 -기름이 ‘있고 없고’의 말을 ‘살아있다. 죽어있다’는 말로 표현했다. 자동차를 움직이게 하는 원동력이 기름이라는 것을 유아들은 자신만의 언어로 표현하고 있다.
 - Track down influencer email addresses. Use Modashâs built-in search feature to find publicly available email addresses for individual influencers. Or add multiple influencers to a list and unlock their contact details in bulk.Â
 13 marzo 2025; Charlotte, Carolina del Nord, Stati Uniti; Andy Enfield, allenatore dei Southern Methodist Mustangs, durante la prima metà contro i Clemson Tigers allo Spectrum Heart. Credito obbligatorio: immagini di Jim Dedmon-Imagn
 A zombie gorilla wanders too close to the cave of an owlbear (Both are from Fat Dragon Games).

...

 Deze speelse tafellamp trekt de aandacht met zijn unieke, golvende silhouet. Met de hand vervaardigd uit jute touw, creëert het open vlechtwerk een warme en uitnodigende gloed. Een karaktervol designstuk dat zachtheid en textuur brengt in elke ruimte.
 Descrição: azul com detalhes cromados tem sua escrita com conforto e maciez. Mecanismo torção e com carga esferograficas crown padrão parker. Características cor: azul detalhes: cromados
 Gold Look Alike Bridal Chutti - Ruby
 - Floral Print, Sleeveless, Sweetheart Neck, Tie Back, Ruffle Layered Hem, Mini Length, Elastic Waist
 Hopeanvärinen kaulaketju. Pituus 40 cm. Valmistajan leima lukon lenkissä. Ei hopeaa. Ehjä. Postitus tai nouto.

Work order: As the answer, set down only the lines from the data above between the one holding "Deze speelse tafellamp" and the one holding "Hopeanvärinen kaulaketju. Pituus", inclusive, exactly as they read.

Task response:
 Deze speelse tafellamp trekt de aandacht met zijn unieke, golvende silhouet. Met de hand vervaardigd uit jute touw, creëert het open vlechtwerk een warme en uitnodigende gloed. Een karaktervol designstuk dat zachtheid en textuur brengt in elke ruimte.
 Descrição: azul com detalhes cromados tem sua escrita com conforto e maciez. Mecanismo torção e com carga esferograficas crown padrão parker. Características cor: azul detalhes: cromados
 Gold Look Alike Bridal Chutti - Ruby
 - Floral Print, Sleeveless, Sweetheart Neck, Tie Back, Ruffle Layered Hem, Mini Length, Elastic Waist
 Hopeanvärinen kaulaketju. Pituus 40 cm. Valmistajan leima lukon lenkissä. Ei hopeaa. Ehjä. Postitus tai nouto.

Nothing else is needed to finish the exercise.